Chu’s experience directing action films is nil. He’s helmed the second and third Step Up movies and the doc Justin Bieber: Never Say Never—an odd CV for an action movie director. Once the onscreen mayhem begins, Chu controls the action scenes, and the audience never loses track of what’s going on. This will be my only compliment to Mr. Chu, who also manages an impressive sequence in the Himalayas where Snake Eyes and Storm Shadow face-off, and then, along with his newbie Jinx (Elodie Yung), takes a flying leap in a high-wire mountainside stunt against a gaggle of disposable ninjas. However thrilling this 5 minutes of screentime may be, it’s undone when the ninjas arrive in Japan’s ninja HQ, where the Blind Master (RZA of Wu-Tang Clan) monologues in a poor, cornball, stereotypical Asian accent about Storm Shadow’s misplaced villainy. Meanwhile, Zartan blows up London, the Joes jump into action, and the day is saved. Well, saved except for everyone but the millions dead in London, that is. But who’s counting bodies anyway? It’s about who won.

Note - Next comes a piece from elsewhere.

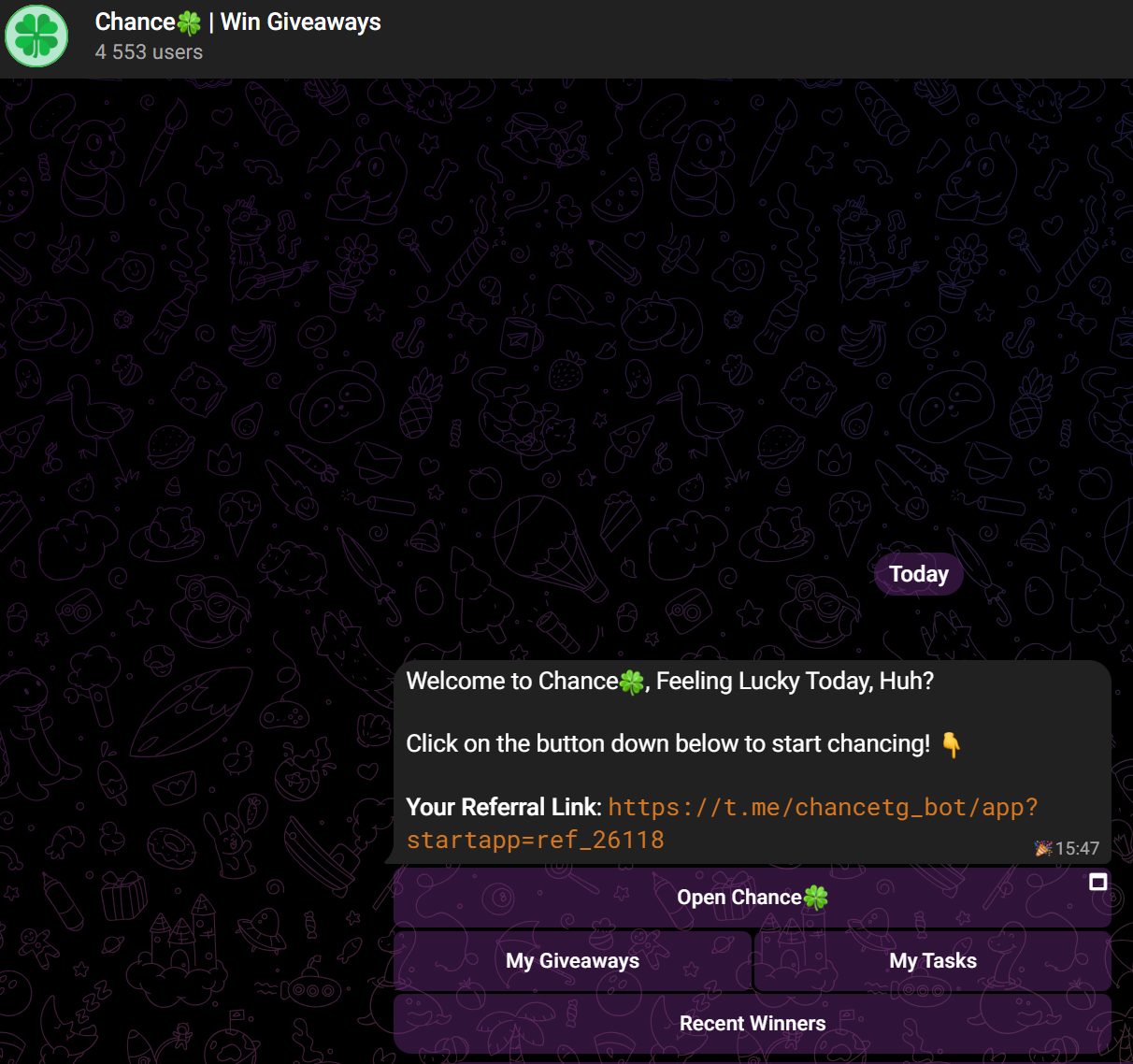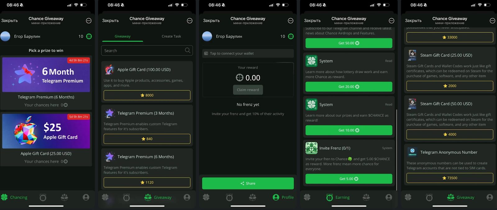 Обзор приложения Chance Win Giveaways: отзывы о раздаче подарков, можно ли заработать в Chancetg bot
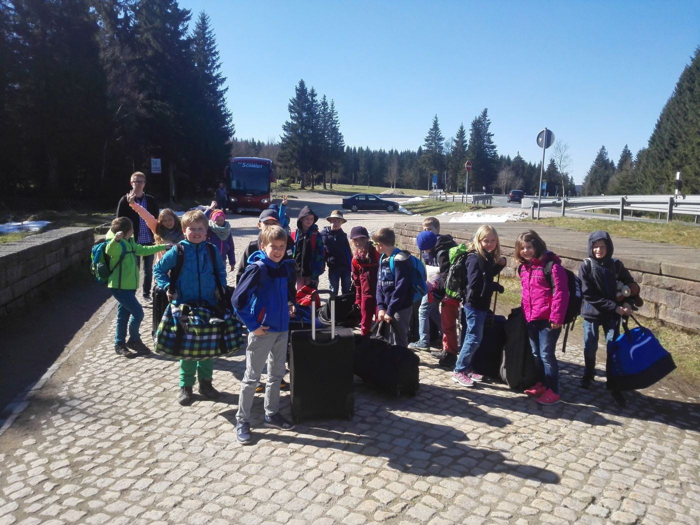 Bei schönstem Wetter startete die Klasse 3 auf ihre Klassenfahrt in den Harz, ins Naturfreundehaus Oderbrück. Kaum angekommen, mussten alle ihr Gepäck über einen schmalen Holzplankenpfad zur Herberge bringen, da der Bus nicht bis ans Haus heranfahren konnte. Dort wurden wir von Tobbe begrüßt, dem Chef von TOKATO Erlebnisreisen, der für diese Tage ein tolles Programm vorbereitet hatte. Und da das Wetter so super war, starteten wir gleich nach dem Einräumen der Zimmer zu einer ausgedehnten Wanderung zum Oderteich. Dieser führte nur wenig Wasser, so dass viele Felsbrocken zum Klettern und Herumtoben einluden. Es sah fast aus, wie auf einem fremden Planeten. Ein großes Lob an alle Kinder: ihr habt klasse durchgehalten und nicht einmal gemeckert oder gestöhnt, obwohl wir mehrere Stunden unterwegs waren. Begeistert habt ihr überall die Natur bewundert und immer wieder Fotomotive entdeckt. Das war schon mal ein perfekter Start!

Not only is the action numbingly unrelenting (in a bad way) and the storytelling silly, but the content of G.I. Joe: Retaliation borders on offensive. Beyond barely taking a moment to grieve for the countless dead in London and treating such rampant violence like an emotionally disconnected videogame, the movie joins the Hollywood bandwagon (along with Red Dawn and Olympus Has Fallen) of publically mocking North Korea—a curious politicizing of movies today that’s more offensive in principle than in practice. But most offensive here is the lack of character development and the cartoonishness of everything onscreen. Despite Paramount and Hasbro’s efforts to reboot the franchise, it feels like they didn’t even try to improve on The Rise of Cobra. Here, we’re expected to care about the fates of these human dolls as they shoot guns and utter mindless dialogue, but the only viewers who might care are very young boys or adults with the mind of a child. Even as a child, I would have scoffed at Retaliation, having seen a better adaptation with the 1987 animated version G.I. Joe: The Movie. After all, if I’m going to be watching a cartoon, I prefer it to be animated.